▸ **Your objective**
Set down, exactly as they stand, the lines from the one containing "Moderne Metallvarianten (Vierfuß, Kufen" through the last line of the records below, leaving every picture out.

▸ **Records supplied**
^^^^^^^^

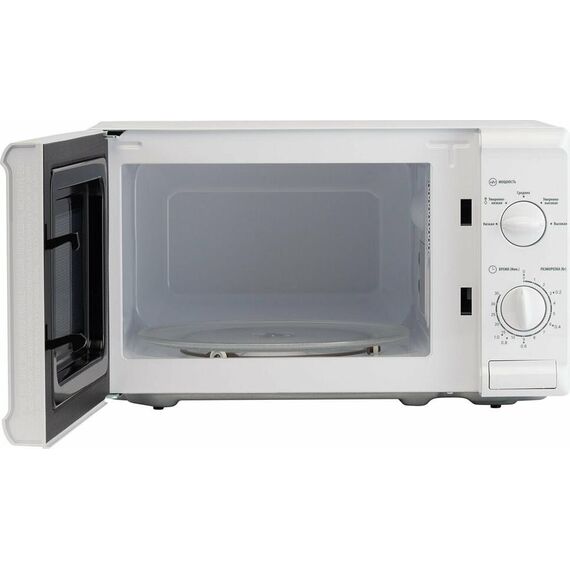 Объем 20 л; Мощность 700 Вт; 5 уровней мощности; Максимальное время приготовления 35 мин; Поворотный стол 25,5 см; Функция разморозки; Сигнал об окончании готовки; Механизм открывания дверцы – кнопка; Тип управления: механический; Цвет: белый
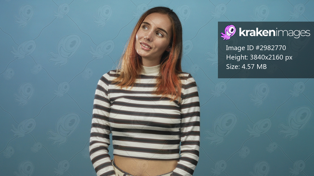 Woman with exposed midriff wearing black and white striped top, tilting head and looking up with a slight smile against blue studio wall; thoughtful.
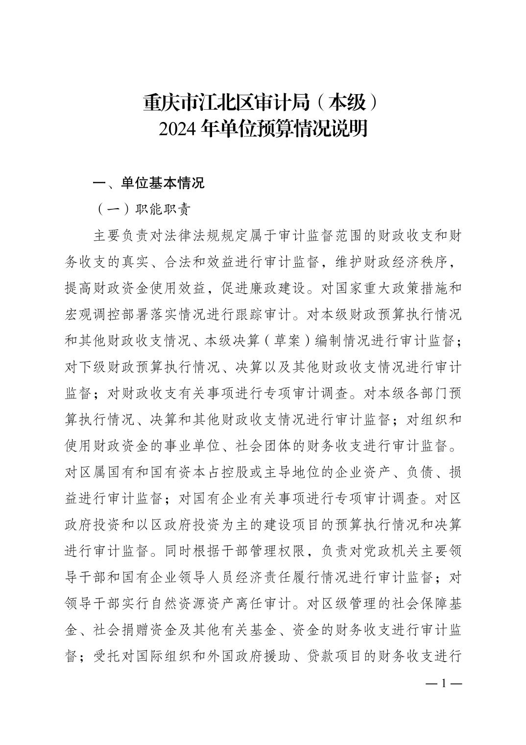 重慶市江北區(qū)審計局(本級)2024年單位預(yù)算情況說明
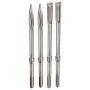 4-dijelni. Dlijeto sa SDS max RTec sadrži RTec dlijeta koja su savršena za razne betonske radove. Manje zapinjete i brže se krećete. Uvijeni, samooštreni vrh zašiljenog dlijeta s RTec Speed uklanja materijal na širem području od uobičajenih šiljastih dlijeta i omogućuje nesmetan rad. Za brz napredak u radu, ravno dlijeto RTec Sharp ima ojačavajući rebra koja ne stvaraju samo bočne, već i okomite pukotine u materijalu. To rezultira većom stopom uklanjanja materijala i sprječava zaglavljivanje dlijeta. Dlijeta su namijenjena za klesanje, rušenje i podešavanje betona i zida, kao i za otvaranje spojeva i izlaganje armatura. Kompatibilni su s čekićima za rušenje sa sustavom osovine SDS max. Patentirani RTec element nudi veću brzinu uklanjanja materijala od konvencionalnih dlijeta s SDS max. 4-dijelni. Dlijeto sa SDS max sastoji se od: 2 x šiljasta dlijeta s SDS max RTec brzinom (400 mm) 2 x ravna dlijeta s SDS max RTec Sharp (400 x 25 mm) Ukupna duljina mm: 400; 400; 400; 400, rub dlijeta mm: 25; 25-og
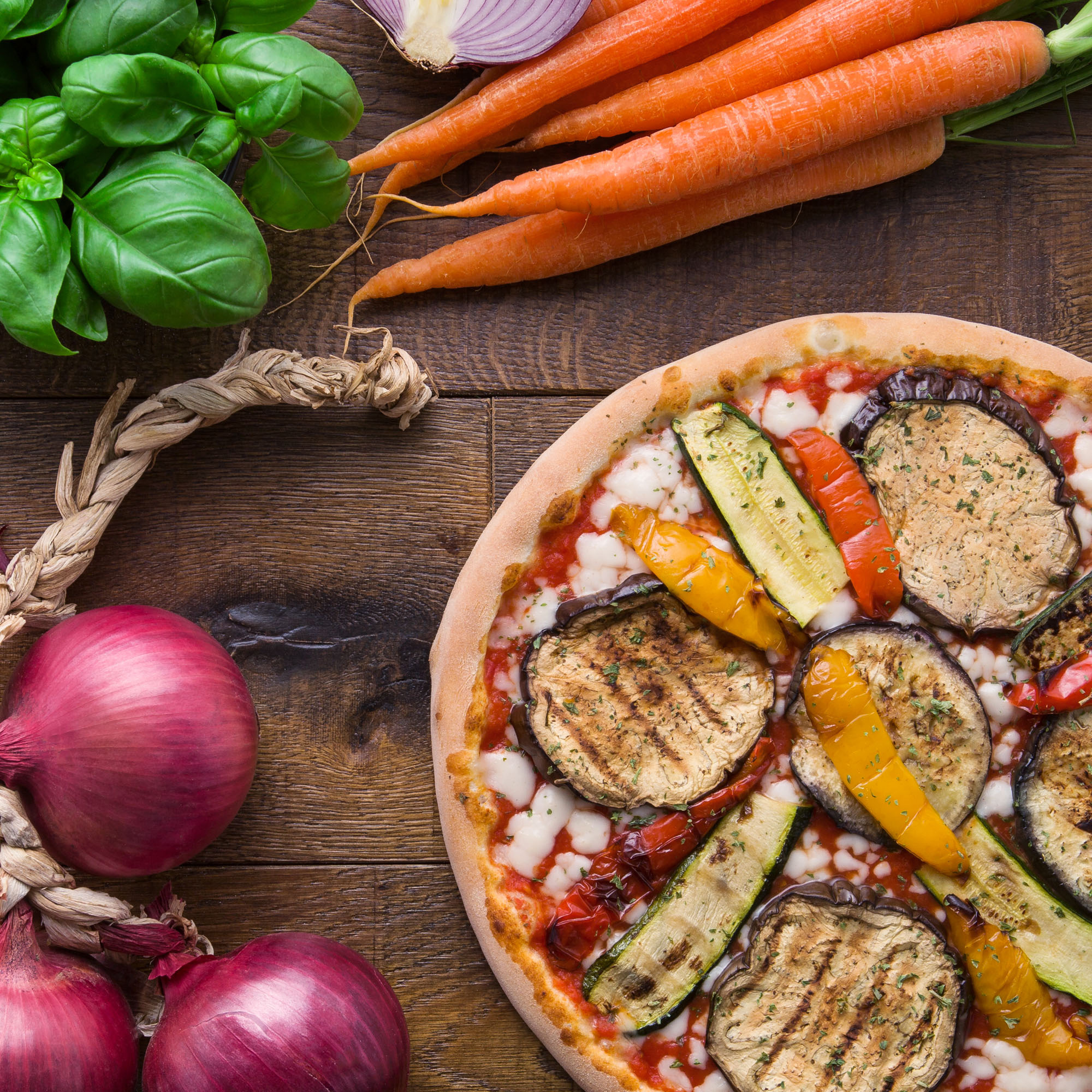 Luftig, vegansk pizza med ris-basert topping, grillede grønnsaker og tomater.
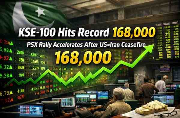 KSE-100 Hits Record 168,000 as PSX Rally Accelerates After US–Iran Ceasefire
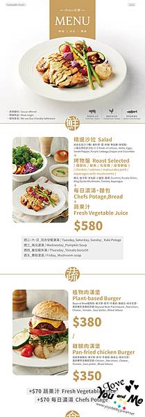$580套餐 --- 精選沙拉+烤物盤+每日濃湯+附餐+蔬果汁
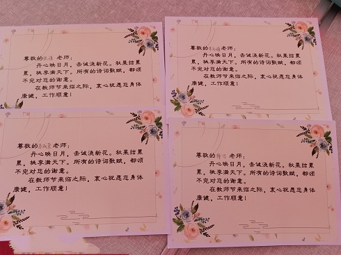 一支粉笔,两袖清风,三尺讲台,四季辛劳。老师的谆谆教诲,影响着我们的一生,虽然教师只陪伴了我们一段路,却是我们青春中浓墨重彩的一段。此次活动的开展,拉近了师生距离,学生们感受到了老师的默默耕耘,无私奉献,由衷地向老师表达着他们的敬意。推动感恩教育的同时,使老师们更加明确了自己“为国育才,请党放心”的教育使命,勇担教育使命,传道授业,为教育事业继续添砖加瓦。最后祝愿所有老师,节日快乐!
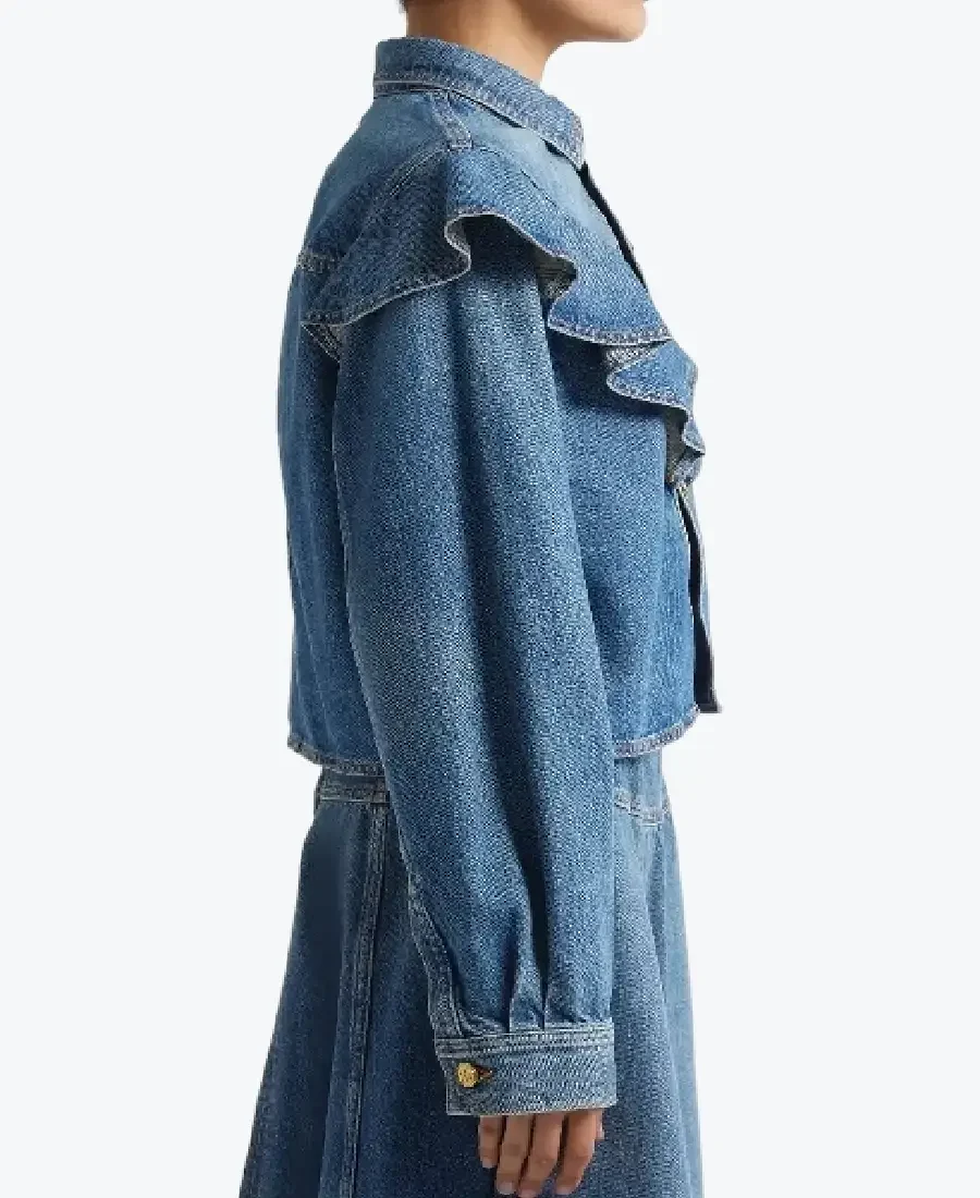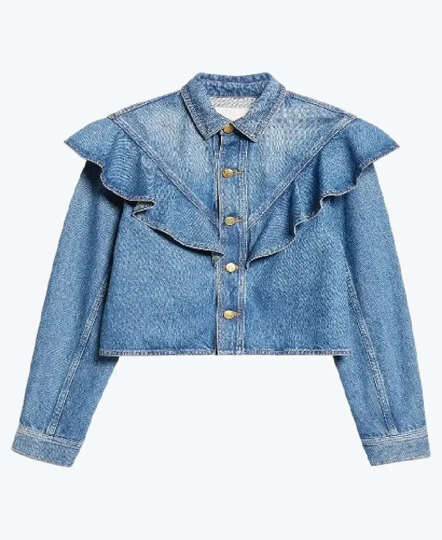 The architecture of this jacket is defined by its dramatic cropped silhouette and an iconic ruffled Victorian-meets-modern-western aesthetic. It features a sharp shirt-style denim collar providing a structured and powerful frame to the neckline. The front is anchored by a high-impact vertical placket featuring five precision gold-tone hardware buttons, maintaining a precision tailored fit profile. The defining feature is the voluminous V-shaped ruffle overlay across the chest and shoulders, which creates a sophisticated architectural movement and a high-definition silhouette. To ensure a natural and streamlined drape at the extremities, the full-length sleeves are finished with clean button cuffs, while the expert paneling throughout the torso reinforces the jacket’s sleek, high-impact aesthetic. Designed for the individual who demands maximum artistic flair within a polished frame, this Rare Jackets essential is the ultimate statement piece for a high-fashion denim-on-denim look.
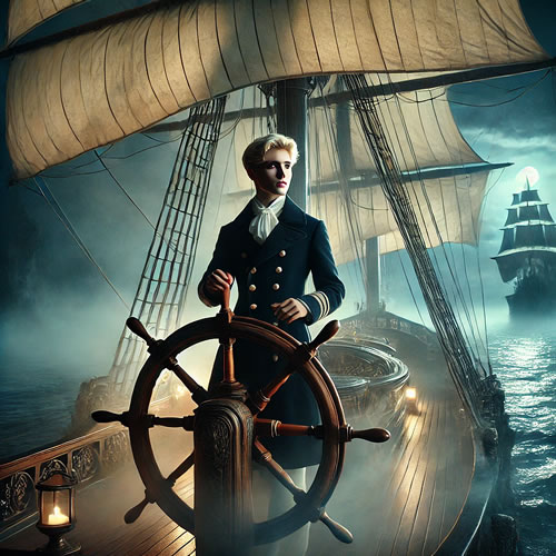 En lüttje Jungske mit lechte Haar liggt in dat Backje un lies jötert he. Tegen hum lagg en Stückje Papier. Daarup steiht: "Wi sacken off, de Jungske ik beed holl d'r an " keen Naam, keen anner Woord. So is't all utkomen, wat de dree Töverskes sük wünsken deen un well weet, womögelk word de lüttje Jung later ok en blond Kaptein mit sien egen Schipp. Mitunner, dat kummt blot hen un weer mal vör, denn
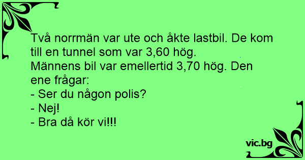 Två norrmän var ute och åkte lastbil. De kom till en tunnel som var 3,60 hög.
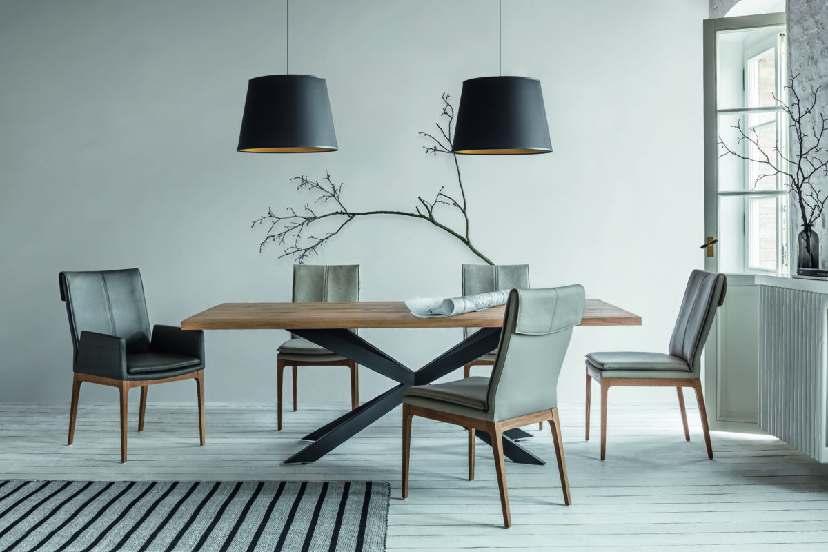 Moderne Metallvarianten (Vierfuß, Kufen oder Spider-Gestell) für einen industriellen oder minimalistischen Look.
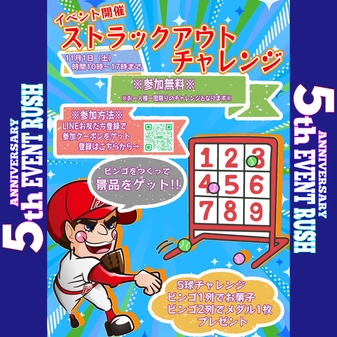 5周年イベントラッシュ第1弾!!11月1日開催「ストラックアウトイベント」
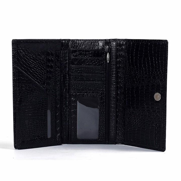 Ví nữ/Bóp nữ da bò vân cá sấu Huy Hoàng bấm nút màu da, đen, nâu 3108-09-10
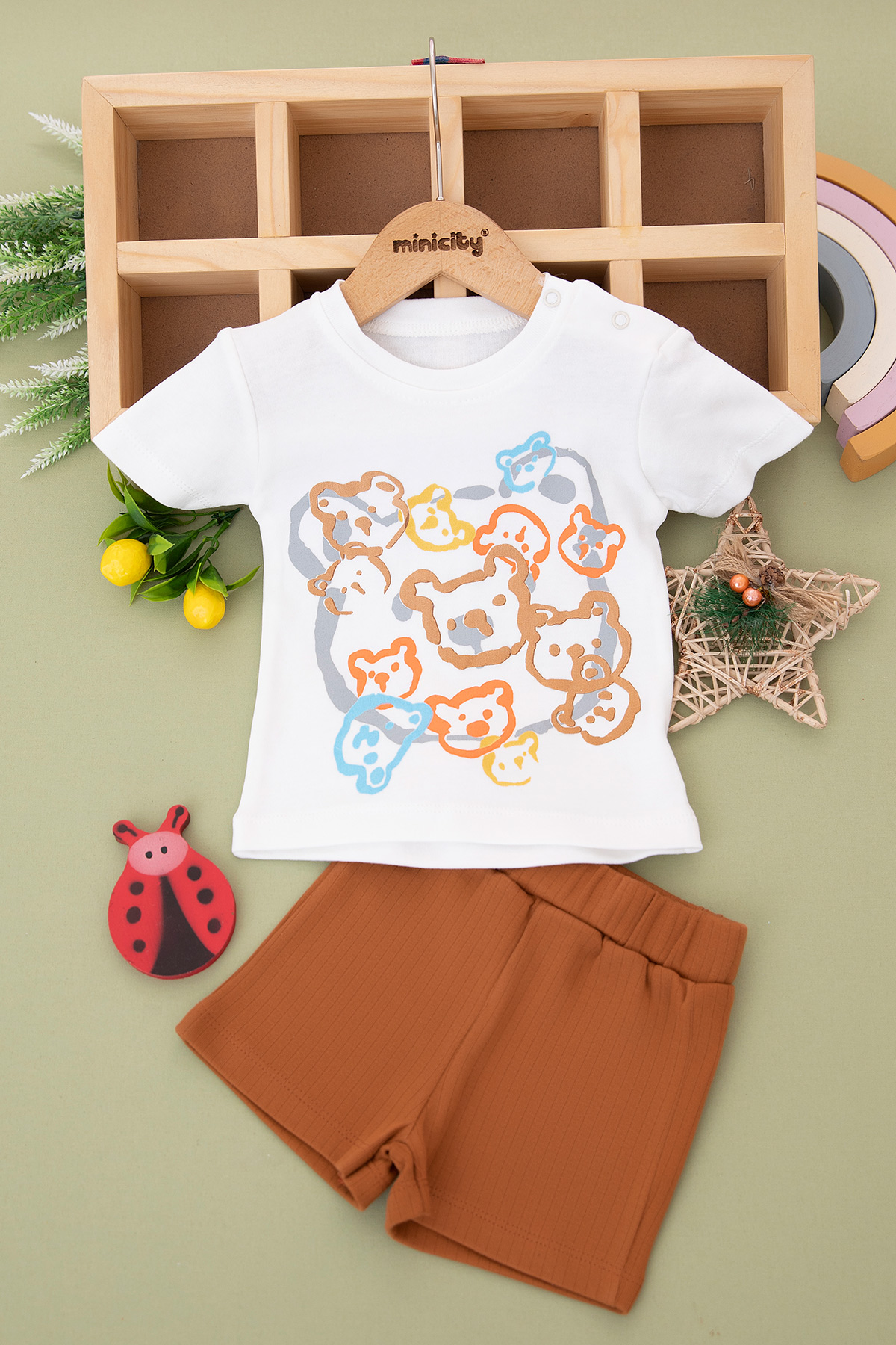 Erkek Bebek Ayıcık Baskılı Kabartmalı Takım - 2023 (6-24 Ay)

^^^^^^^^

▸ **Exercise solution**
 Moderne Metallvarianten (Vierfuß, Kufen oder Spider-Gestell) für einen industriellen oder minimalistischen Look.
 5周年イベントラッシュ第1弾!!11月1日開催「ストラックアウトイベント」
 Ví nữ/Bóp nữ da bò vân cá sấu Huy Hoàng bấm nút màu da, đen, nâu 3108-09-10
 Erkek Bebek Ayıcık Baskılı Kabartmalı Takım - 2023 (6-24 Ay)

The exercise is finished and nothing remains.